:: TASK ::
Exactly the lines from the one containing "With snow flying" through the one containing "Носки женские из" in the listing below are to be copied, with the pictures left out.

:: TASK DATA ::
········
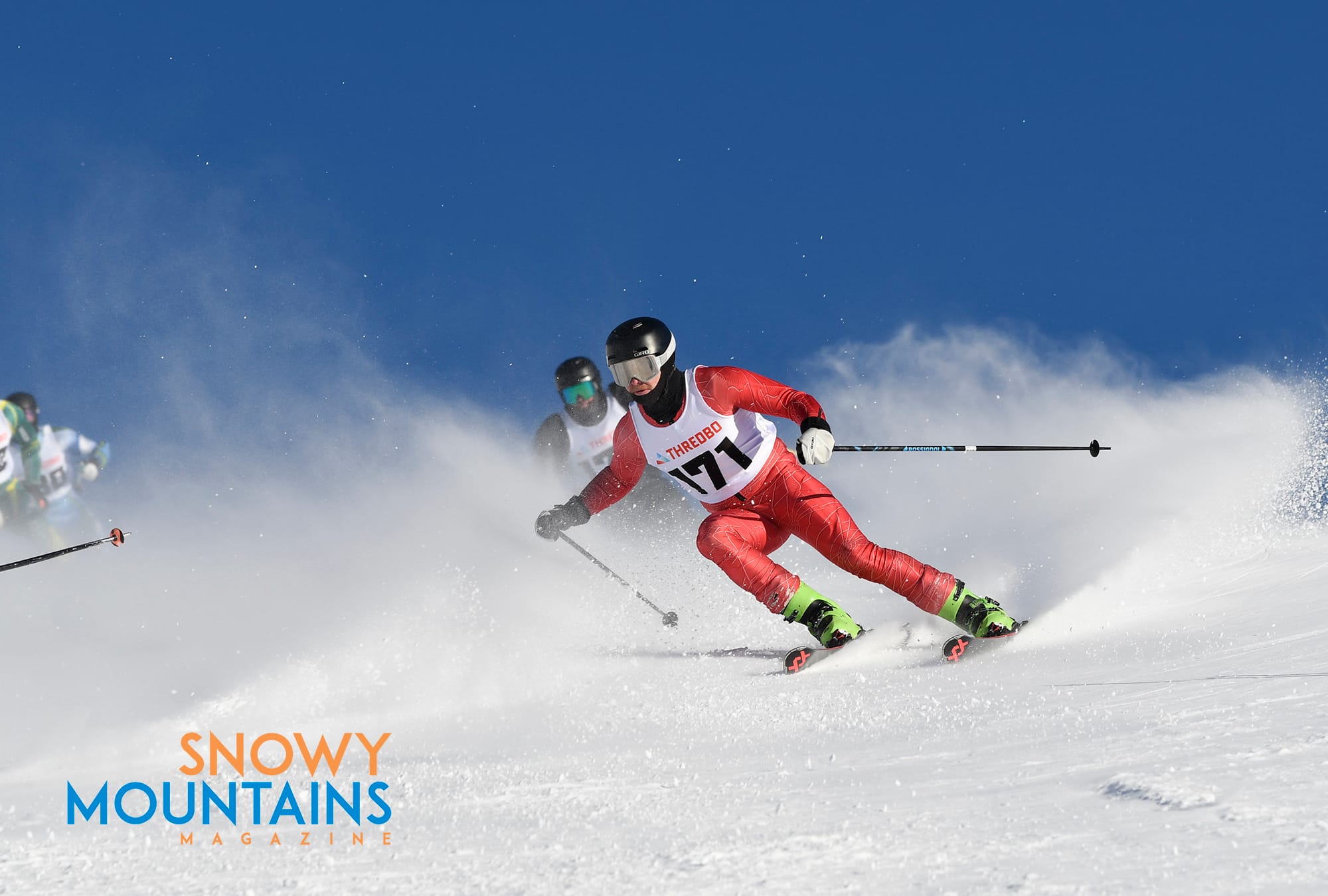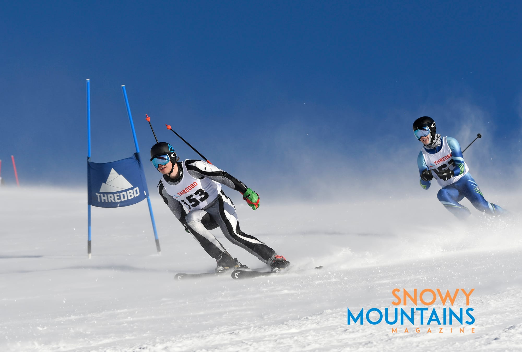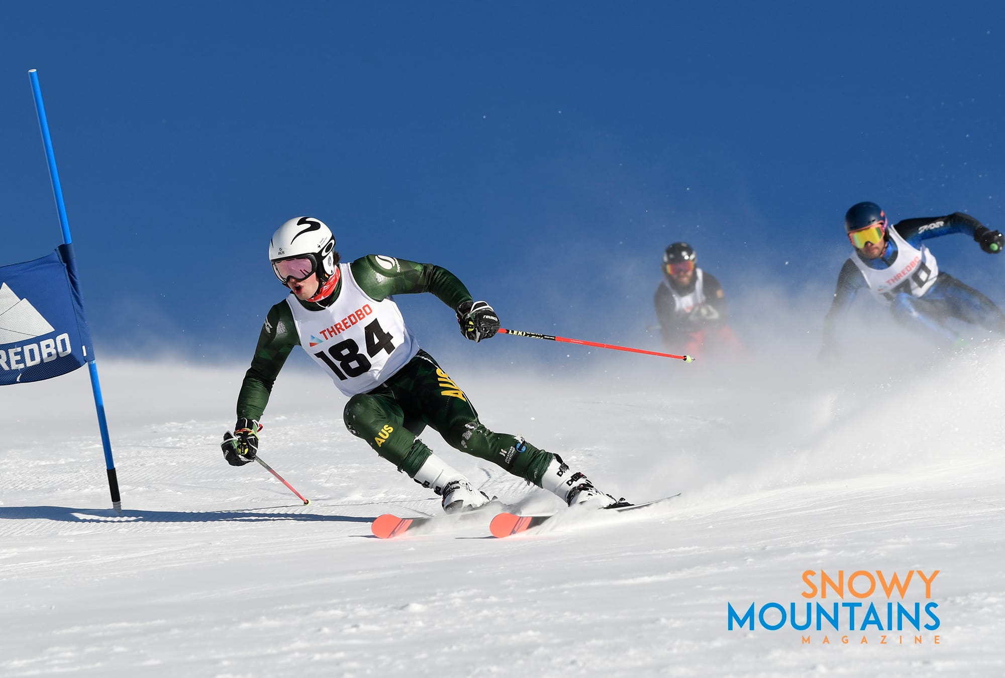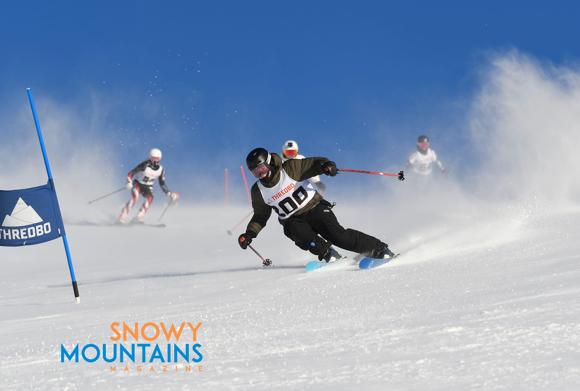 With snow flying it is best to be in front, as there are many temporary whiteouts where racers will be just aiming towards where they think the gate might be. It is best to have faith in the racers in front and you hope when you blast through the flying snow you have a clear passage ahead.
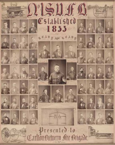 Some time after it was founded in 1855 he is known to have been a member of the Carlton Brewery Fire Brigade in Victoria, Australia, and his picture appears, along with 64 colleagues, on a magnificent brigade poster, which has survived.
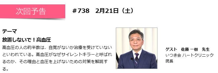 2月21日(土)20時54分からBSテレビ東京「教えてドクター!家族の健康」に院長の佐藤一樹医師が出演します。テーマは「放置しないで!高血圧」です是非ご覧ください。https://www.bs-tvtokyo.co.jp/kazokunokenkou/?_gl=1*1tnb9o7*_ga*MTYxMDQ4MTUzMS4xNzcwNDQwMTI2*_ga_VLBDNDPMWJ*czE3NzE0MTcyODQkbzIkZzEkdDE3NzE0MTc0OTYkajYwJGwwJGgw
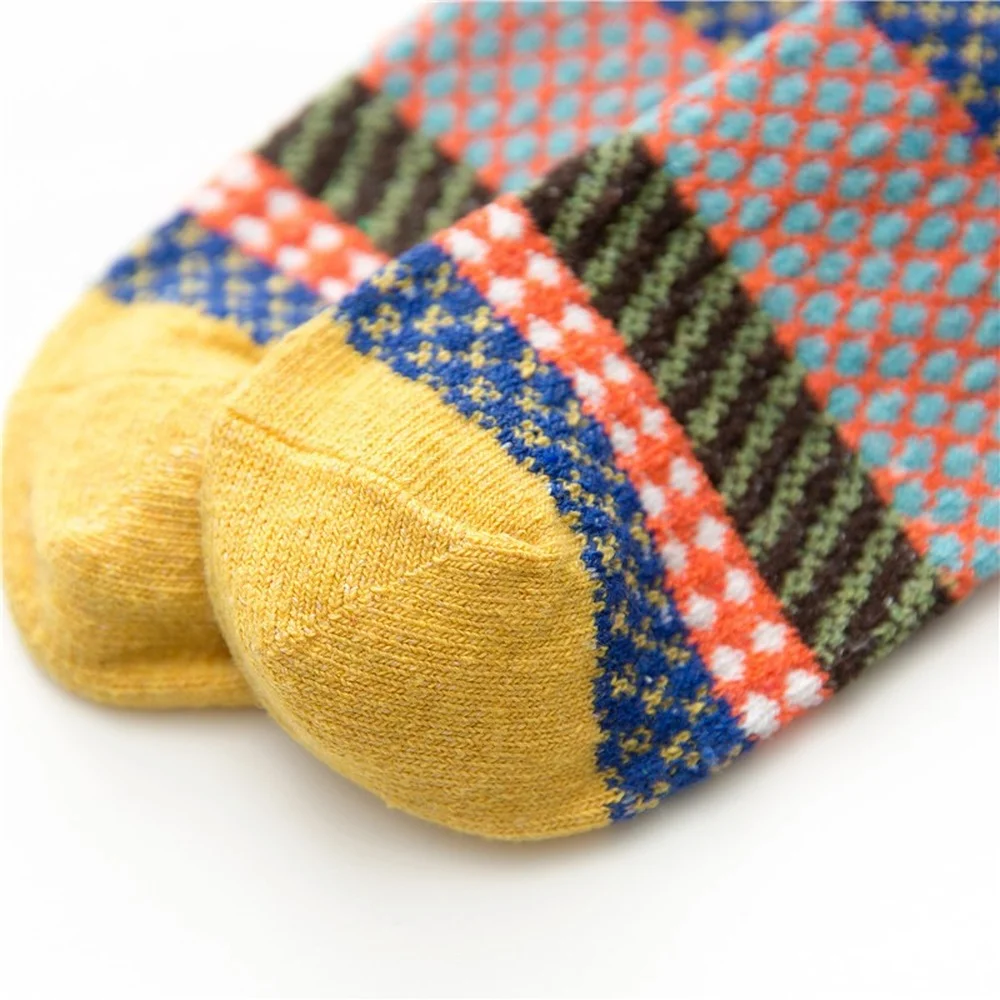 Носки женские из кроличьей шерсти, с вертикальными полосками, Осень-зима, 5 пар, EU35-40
········
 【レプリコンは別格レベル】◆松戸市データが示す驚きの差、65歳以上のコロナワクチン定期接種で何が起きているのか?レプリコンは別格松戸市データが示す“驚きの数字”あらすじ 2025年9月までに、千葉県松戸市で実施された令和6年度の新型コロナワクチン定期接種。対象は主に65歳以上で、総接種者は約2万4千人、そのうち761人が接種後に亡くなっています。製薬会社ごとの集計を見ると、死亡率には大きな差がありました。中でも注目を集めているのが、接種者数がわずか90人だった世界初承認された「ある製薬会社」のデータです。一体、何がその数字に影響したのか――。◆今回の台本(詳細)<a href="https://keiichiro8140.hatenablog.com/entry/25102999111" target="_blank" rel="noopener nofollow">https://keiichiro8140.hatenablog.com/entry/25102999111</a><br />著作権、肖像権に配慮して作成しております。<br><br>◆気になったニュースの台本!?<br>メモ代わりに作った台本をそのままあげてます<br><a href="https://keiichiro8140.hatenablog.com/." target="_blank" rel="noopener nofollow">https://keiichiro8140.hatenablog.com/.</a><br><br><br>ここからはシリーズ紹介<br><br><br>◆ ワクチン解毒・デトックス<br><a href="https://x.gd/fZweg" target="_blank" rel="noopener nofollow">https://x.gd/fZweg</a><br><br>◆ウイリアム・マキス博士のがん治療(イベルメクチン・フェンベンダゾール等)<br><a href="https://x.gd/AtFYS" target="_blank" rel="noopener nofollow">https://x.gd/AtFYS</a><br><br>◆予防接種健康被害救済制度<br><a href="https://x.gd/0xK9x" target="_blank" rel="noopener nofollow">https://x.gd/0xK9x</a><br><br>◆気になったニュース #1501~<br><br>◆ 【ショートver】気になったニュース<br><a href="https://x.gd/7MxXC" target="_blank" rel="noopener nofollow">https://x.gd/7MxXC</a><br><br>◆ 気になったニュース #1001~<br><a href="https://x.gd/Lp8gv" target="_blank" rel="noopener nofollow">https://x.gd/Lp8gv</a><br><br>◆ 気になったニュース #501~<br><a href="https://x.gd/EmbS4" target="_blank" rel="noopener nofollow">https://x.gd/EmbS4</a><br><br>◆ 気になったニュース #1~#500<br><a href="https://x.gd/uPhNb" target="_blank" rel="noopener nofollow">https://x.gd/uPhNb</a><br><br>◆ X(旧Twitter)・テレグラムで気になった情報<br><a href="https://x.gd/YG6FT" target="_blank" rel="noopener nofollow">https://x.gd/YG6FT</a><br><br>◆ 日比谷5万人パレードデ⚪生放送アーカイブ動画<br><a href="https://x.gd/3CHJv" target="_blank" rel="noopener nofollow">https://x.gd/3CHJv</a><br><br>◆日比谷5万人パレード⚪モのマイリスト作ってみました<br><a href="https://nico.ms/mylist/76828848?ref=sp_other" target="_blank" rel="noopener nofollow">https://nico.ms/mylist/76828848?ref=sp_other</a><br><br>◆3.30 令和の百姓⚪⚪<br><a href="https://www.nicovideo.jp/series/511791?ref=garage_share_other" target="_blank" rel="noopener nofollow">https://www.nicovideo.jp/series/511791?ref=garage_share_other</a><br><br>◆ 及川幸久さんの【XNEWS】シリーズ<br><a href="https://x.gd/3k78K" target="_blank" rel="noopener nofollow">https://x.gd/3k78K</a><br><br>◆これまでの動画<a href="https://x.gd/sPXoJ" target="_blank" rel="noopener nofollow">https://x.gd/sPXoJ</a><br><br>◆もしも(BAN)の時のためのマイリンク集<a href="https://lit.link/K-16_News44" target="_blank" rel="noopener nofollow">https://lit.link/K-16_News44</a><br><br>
········
:: PROBLEM SOLUTION ::
 With snow flying it is best to be in front, as there are many temporary whiteouts where racers will be just aiming towards where they think the gate might be. It is best to have faith in the racers in front and you hope when you blast through the flying snow you have a clear passage ahead.
 Some time after it was founded in 1855 he is known to have been a member of the Carlton Brewery Fire Brigade in Victoria, Australia, and his picture appears, along with 64 colleagues, on a magnificent brigade poster, which has survived.
 2月21日(土)20時54分からBSテレビ東京「教えてドクター!家族の健康」に院長の佐藤一樹医師が出演します。テーマは「放置しないで!高血圧」です是非ご覧ください。https://www.bs-tvtokyo.co.jp/kazokunokenkou/?_gl=1*1tnb9o7*_ga*MTYxMDQ4MTUzMS4xNzcwNDQwMTI2*_ga_VLBDNDPMWJ*czE3NzE0MTcyODQkbzIkZzEkdDE3NzE0MTc0OTYkajYwJGwwJGgw
 Носки женские из кроличьей шерсти, с вертикальными полосками, Осень-зима, 5 пар, EU35-40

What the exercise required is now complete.